There's a big circlejerk amongst millennials drowning in debt right now that we all should have gone into the trades instead. Well, 20 - 30 year old plumbers, carpenters, electricians, etc. of Reddit, are they right?

I'm not the trade guy you're looking for, but my uncle is. We're pretty close and he's been a sort of surrogate father to me over the years. As a consequence, we've discussed your question in considerable detail.

Short answer? No, don't go into a trade if you can get professional work instead.

Long answer? Tom was a miner for nearly twenty years, after that, he became a highly skilled welder. This guy was routinely pulling down $50+/hr plus travel, expenses, and occasionally rent on his longer jobs. He was making that kind of money in the 1990's! He works harder than just about anyone I know, and everyone in three states wanted him when they couldn't afford a fuck-up. Companies competed for his time.

Aside from missing a good deal of his daughter's childhood, Tom had to give up his hobby (ranked #3 in the nation in his sport at one point), spent cumulative years away from his wife, and, when he finally gave it all up, he had to spend his life savings on medical bills to repair a ruined back. After ~ 3 years on disability, Tom finally took the government's school credit and chased down a degree.
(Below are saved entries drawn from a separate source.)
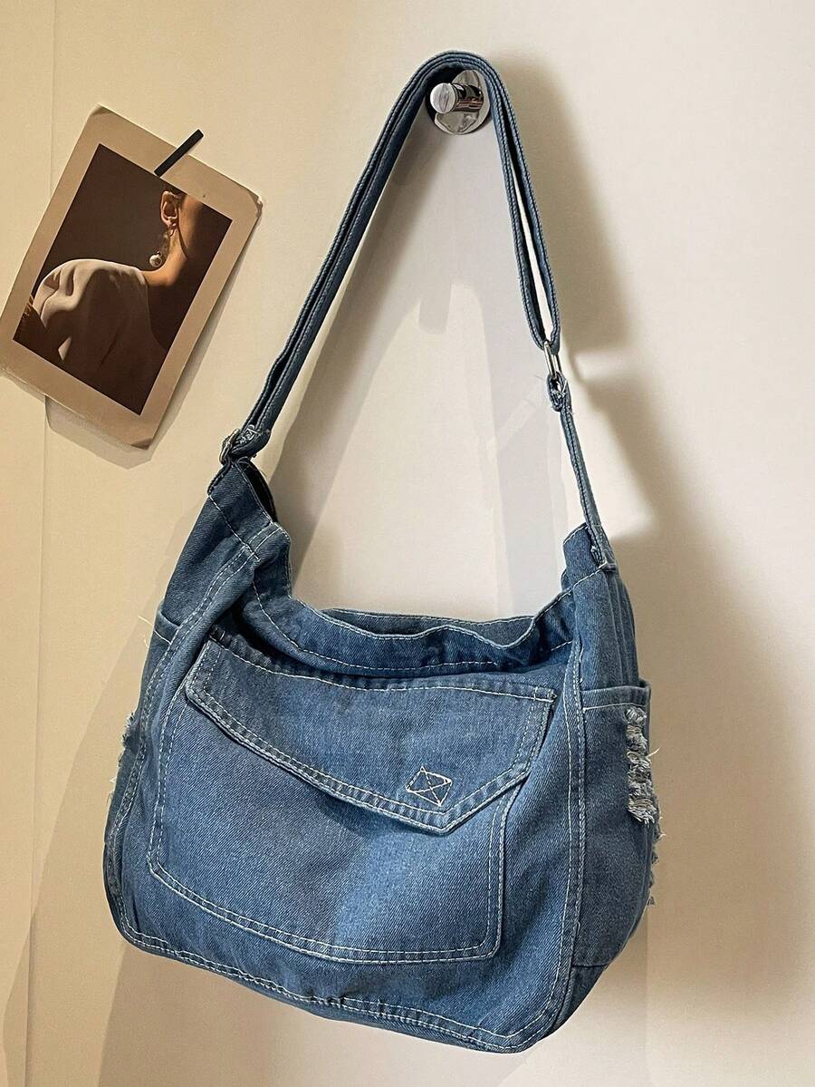 Solid Color Denim Portable Zipper Fashion Hobo Bag, Large Capacity Shoulder Bag, Crossbody Bag, Must-Have Shopping Bag For Women, Tote Bag, Suitable For Girls, Ladies, College Students Commuting, Outdoor Travel And Daily Use
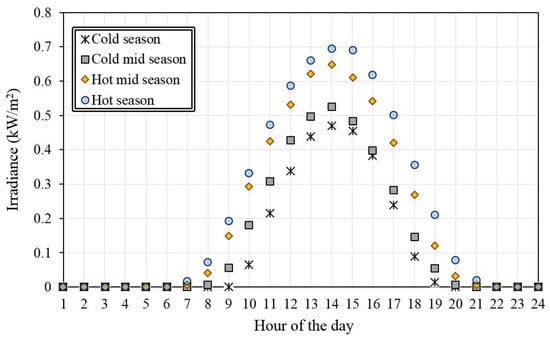 Solar irradiance profiles were built up based on meteorological data in Turin [32]. In detail, the hourly solar irradiance on a 35° tilted surface for each representative season day was evaluated as the average of the hourly mean values of the solar irradiance in the corresponding hour of all days in the relative season. The average hourly solar irradiance profiles for the four representative season days are shown in Figure 7. The maximum available area for installation of the rooftop PV arrays was assumed to be 190 m2.
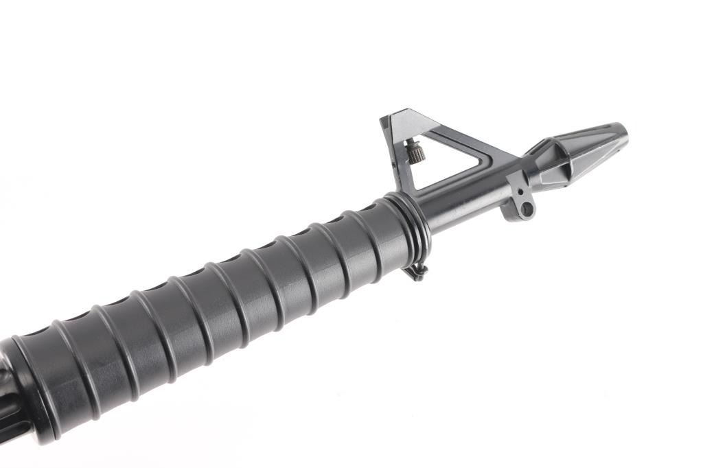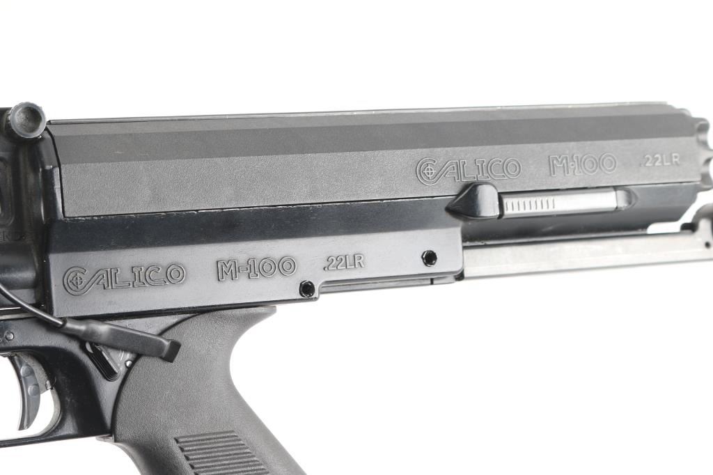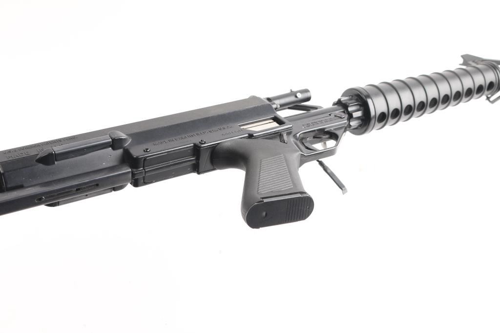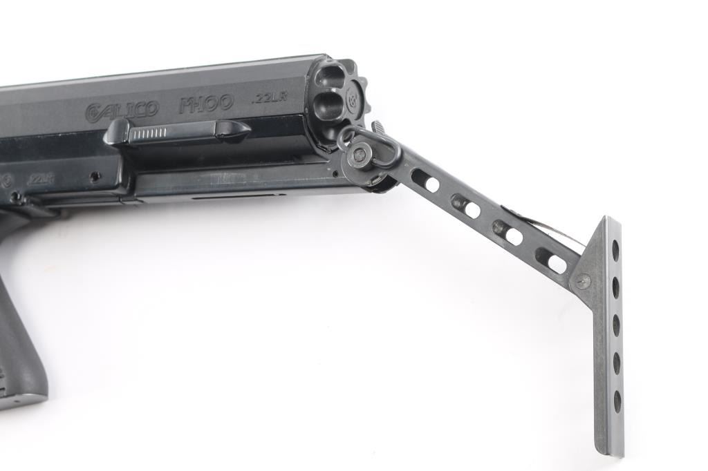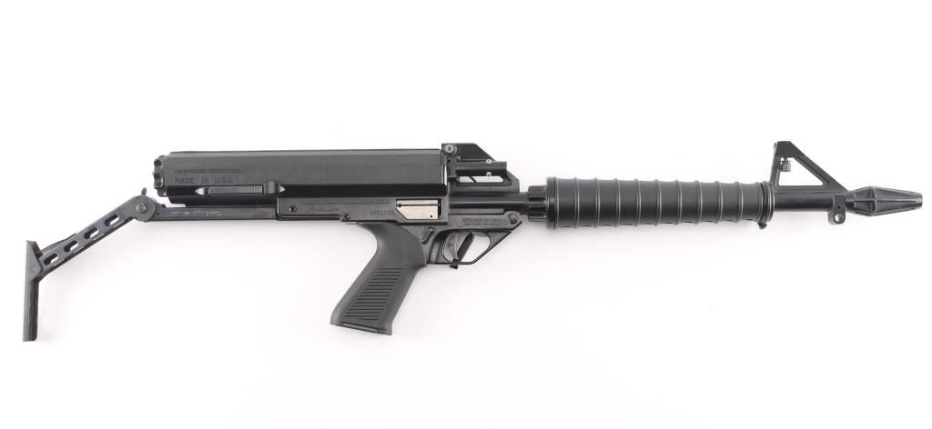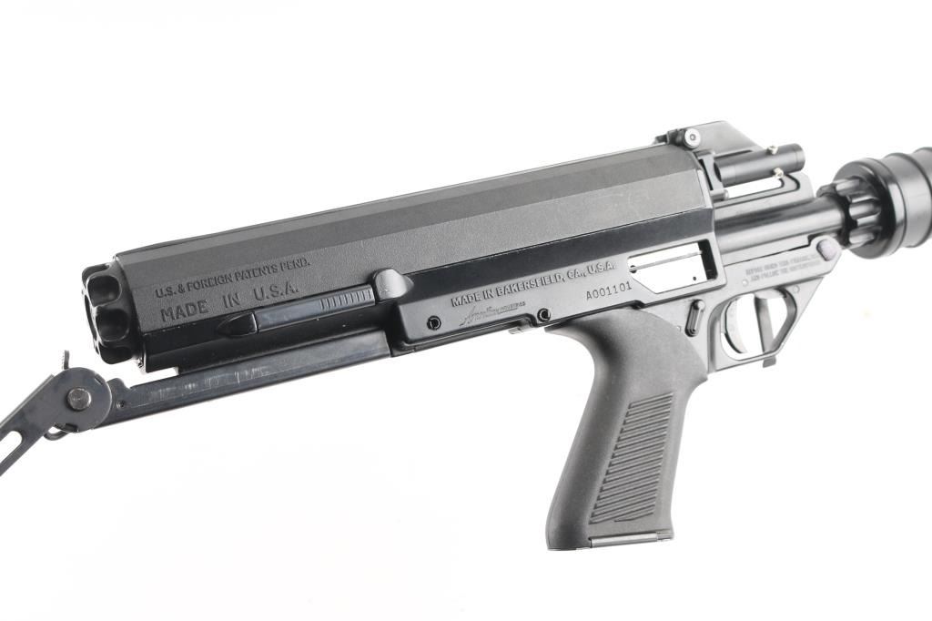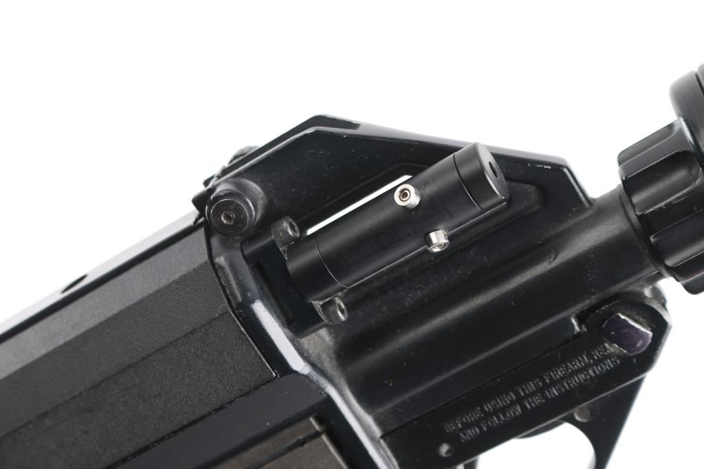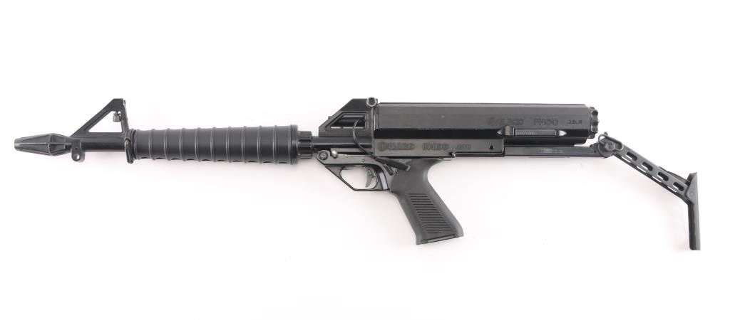 Sn: A001101 Tactical carbine rifle. Delayed blowback 22lr. 16 inch barrel, matte black finish, aluminum receiver, poly furniture. 100 round helical feed mag. telescoping and folding rear stock 36 inch length overall 30 inch folded. Ambi safety with adjustable sights. Bore is very good. Retains 90% of finish. Laser mounted but not tested.
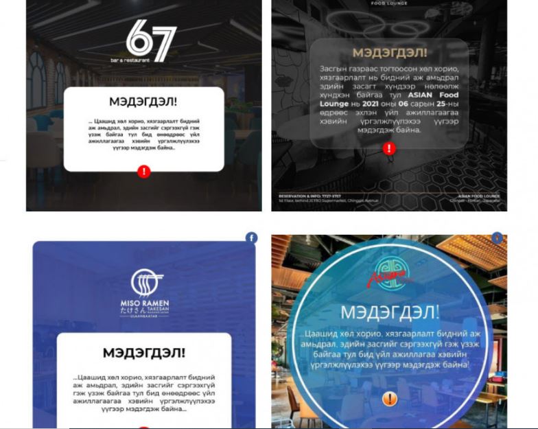 Түүнчлэн “World Gym” фитнессийн төв “Бид халамж мөнгө, тусламж, зээл хүсээгүй. Зүгээр л ажлаа хиймээр байна.” хэмээн мөн ижил мэдэгдэл гаргасан бол “Vinyl Lounge” “Бид түрээсийн асуудал, зээлийн дарамт, бараа материалын өр, хомсдол, торгууль, шийтгэл, тогтвортой ажиллахгүй байгаа явдал, алдагдлууд гээд тоо томшгүй олон хүндрэлийг даасаар явсан. Цаашид үнэхээр тэвчиж чадахгүй нь” гэжээ.
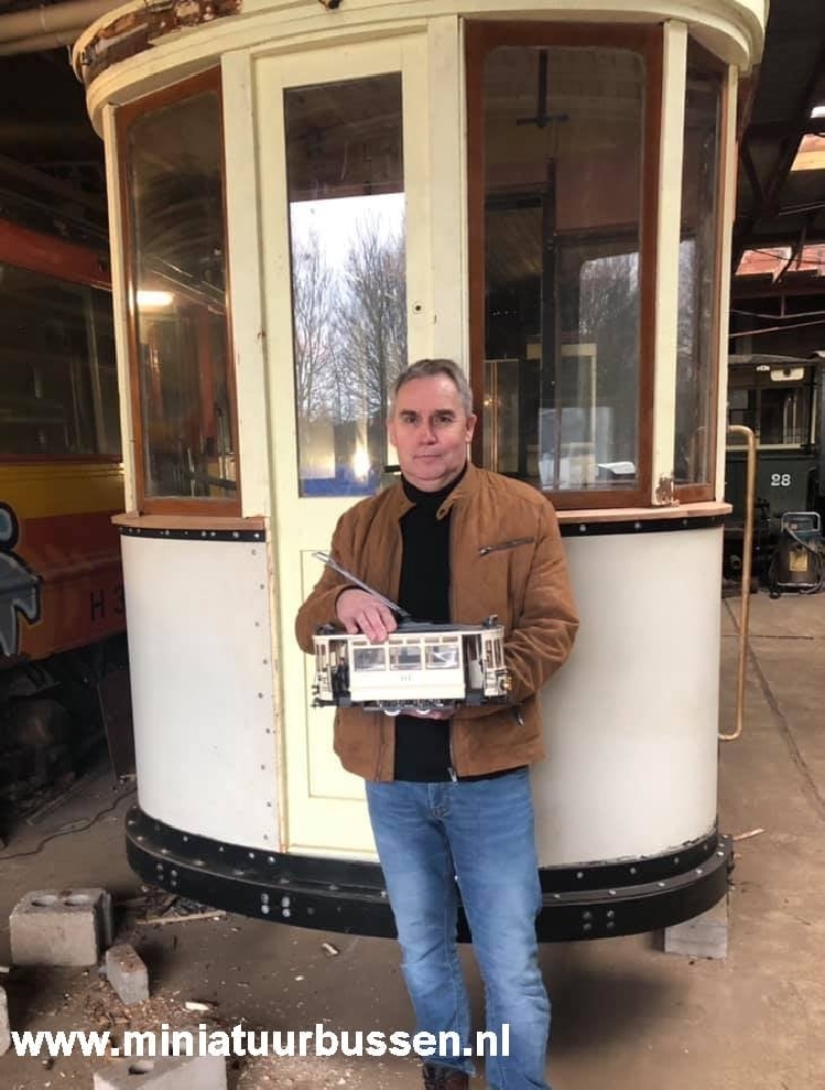 In 2020 waren Erik Kroese en Roel Ras van de werkgroep Tram 1 op bezoek bij Jos Koopmans om te praten over eventuele afbouw in Enschede. Foto: Erik Kroeze had al een model van de tram gemaakt

Now, he's still traveling for work, still in high demand as a consultant/contractor, but he's making 2-3x the money and not ruining his body in the process. His employers routinely pay for his wife to join him on work trips because they're afraid he'll retire if he doesn't get to spend enough time with her.

When Tom found out I was thinking about dropping out of college, his first advice to me was "Don't.", when he found out why I was dropping out, his advice became "Go back as soon as you possibly can, never put it off, never let yourself get distracted. If you wait until you're fifty, you're going to regret it."

What people need to take away from the trade/profession argument is that certain professions aren't worth the money. Having a trade isn't the only route to financial security, and neither is having a degree. You have to be diligent with every opportunity, find the options that make the most sense for you.

Tom is in his mid-sixties now and he has more to show from the last decade than he did for the five decades before it. His family lives in a house they own, his wife and daughter are going to college, he has savings, and he has the time/money to enjoy his life. Last year he even bought a private plane because he wanted to get his pilot's license again.